People such as Hubbs and O’Keefe aren’t the only ones reaching that conclusion. Peter Ladner, who ran for mayor of Vancouver in 2008 with the right-wing Non-Partisan Association, has argued that “gross income inequality undermines almost everything we strive for.” In a piece for Business in Vancouver magazine, Ladner wrote that someone whose house value grew $1.5 million in two years could gain potentially $2,000 per day, while a full-time worker might earn $104 per day. This, he lamented, is “an illustration of best-selling author Thomas Piketty’s disturbing contention that capital begets capital, and will, without some manner of income redistribution, stretch the divide between those who have and those who don’t.”
Yet the dominant narrative in Vancouver is that the housing crisis is mainly a local problem with local causes.
“Our region’s poor housing affordability has plenty of causes — limited availability of land, an attractive market for foreign investment, population growth, and constrained supply,” reads a 2017 report from the Greater Vancouver Board of Trade. Benjamin Tal, the deputy chief economist at CIBC World Markets, earlier this year argued that “Vancouver has a geography problem. It’s an island, basically, and there’s no room to build.”
But those factors alone can’t explain why major cities around the world are also experiencing record unaffordability.
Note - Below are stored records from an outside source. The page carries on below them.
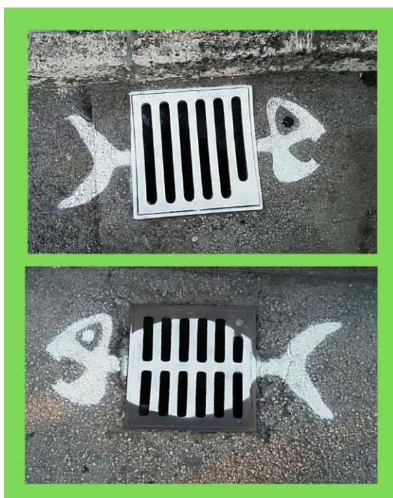
Slika 3: Ribice

Učenici su stekli iskustvo, pa smo krenuli na složenije zadatke. Za ovu i sljedeće intervencije obratila sam se našem gradonačelniku za dozvolu. Opisala sam mu ukratko što bi sve izveli i navela mjesta u gradu gdje planiramo intervenirati. Objasnila sam da slike neće biti invazivne za okolinu, već diskretne.
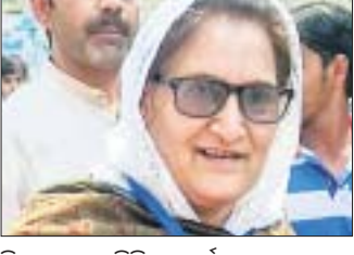
ବିରୋଧୀଙ୍କ ମିଳିତ ପ୍ରାର୍ଥୀ ହୋଇଥିଲେ । ଏହା ପୂର୍ବରୁ ଏସପି ୧୧ ଜଣିଆ ୩ ପ୍ରାର୍ଥୀ ତାଲିକା ଘୋଷଣା କରିସାରିଛି ।
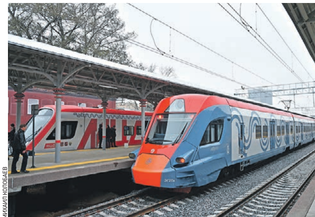
8 ноября 2019 года. На Московских центральных диаметрах будут курсировать новые современные поезда «Иволга»

Пользователи портала «Активный гражданин» выберут районы, в которых необходимо установить станции велопроката.
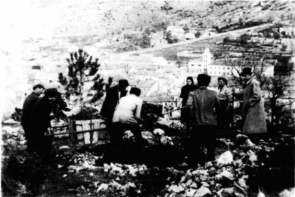
Sl. 3. Pošumljavanje Nehaja crnim borom u sanducima godine 1954.

detaljnije obraditi - snimiti sadašnje stanje vegetacije, kako bi se mogli planirati budući zahvati.
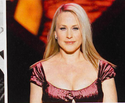
L'actrice Patricia Arquette interprète la plus célèbre des médiums à la TV.
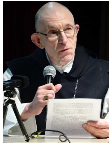
Dom Olivier Quenardel, Abbé de Cîteaux
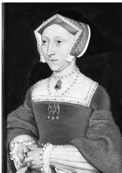
Рис. 8. Портрет Джейн Сеймур, жінка Генриха VIII. Ганс Гольбен Молодший, 1536 р.

ветинську. Звертає на себе увагу в тюдорівській моді головний убір – туре, чеpecь своєрідної форми: п'ятикутний з переду і накладною вуаллю ззаду. Сукні мали характерний крій рукавів з розширеними до низу відкидними крильцями та підставними манжетами до ліктя; з'являються характерні стоячі комірці – рафи (рис. 8). Елизаветинська мода інтерпретує тюдорівський образ плаття: рафи стають вищими, спідниця не просто пишна, а ще і вбрана на кринолін (рис. 9).
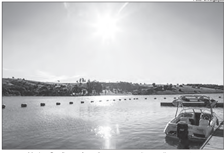
Marina Confiança é opção para aproveitar os dias quentes

O interior de São Paulo é uma das boas alternativas de turismo para aproveitar o verão. Uma das boas opções está em Bragança Paulista a 80 km da capital paulista. Cercada pela represa Jaguari-Jacareí, a Marina Confiança, na cidade do interior paulista, é o lugar ideal para passar as férias de janeiro ou aproveitar os feriados praticando atividades náuticas e se deliciando nas piscinas e na represa.
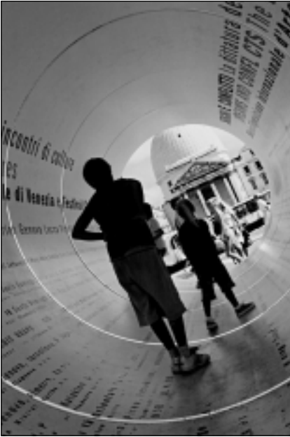
3 pav. Erdvės išplėtimas. Venecijos bienalės reklaminis vamzdis (Italija).

Fig 3. Space expansion. Venice Biennial Promo Pipe (Italy).
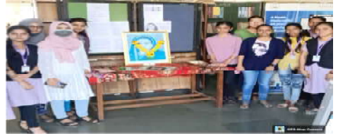
सावित्रीबाई फुले जयंती

ग्रंथालय विभागातर्फे विविध दिन, थोर व्यक्तींच्या प्रतिमेला पुष्पहार अर्पण करून, तसेच त्यांच्यावरील माहितीचे प्रदर्शन व पुस्तक प्रदर्शन भरवून साजरे करण्यात आले. ०३ जानेवारी २०२३ रोजी सावित्रीबाई फुले जयंती, १२ जानेवारी २०२३ रोजी जिजाऊ मांसाहेब जयंती, तसेच स्वामी विवेकानंद जयंती, २३ जानेवारी २०२३ रोजी नेताजी सुभाषचंद्र बोस जयंती, तसेच बाळासाहेब ठाकरे जयंती आणि ३० जानेवारी २०२३ रोजी महात्मा गांधी पुण्यतिथी साजरी करण्यात आली.
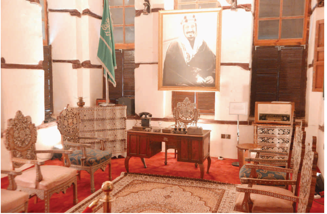
المكتب الخاص بجلالة الملك المؤسس

وزارة الثقافة والإعلام، حينها تم إيكال مهمة الإشراف والمحافظه على «بيت نصيف»، لأمانة مدينة جدة، والتي بدأت ترمم فيه شيئاً فشيئاً، ولكن في الوقت الراهن، أصبح الاهتمام أكبر والحمد لله، بتعاون وزارة الآثار مع الأمانة، ومن خلال تخصيص ميزانية خاصة لأعمال ترميم المنطقة التاريخية بمدينة جدة، ولا أبلغ إن قلت، إن «بيت نصيف» اليوم، يبدو الأكثر حفاظاً على مقوماته ومكتسباته، من ناحية الطراز، والشكل الخارجي، والتقسيم من الداخل.
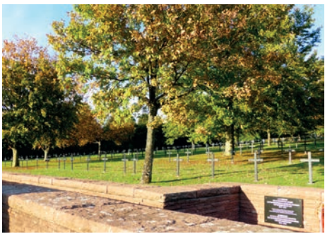
Cimetière militaire allemand de Consenvoye (Meuse)
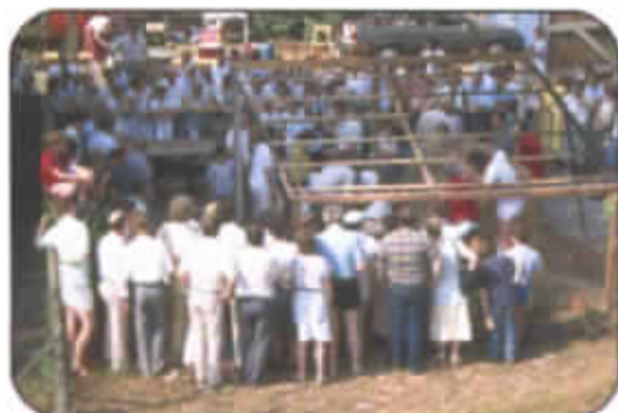
Project reconstructie van een staande Romeinse aardewerkoven, zomerkermis te Melle, locatie: terrein van de familie De Cock naast de Sint-Martinuskerk

“Scarce, unaffordable housing is not a local problem in a few places, but is baked into the 21st-century global city,” Richard Florida, a Toronto-based urbanist who coined the term “creative class,” wrote last April. “Housing has been financialized and turned into an investment vehicle, which has caused an oversupply of luxury housing and a lack of affordable housing in many cities across the world.”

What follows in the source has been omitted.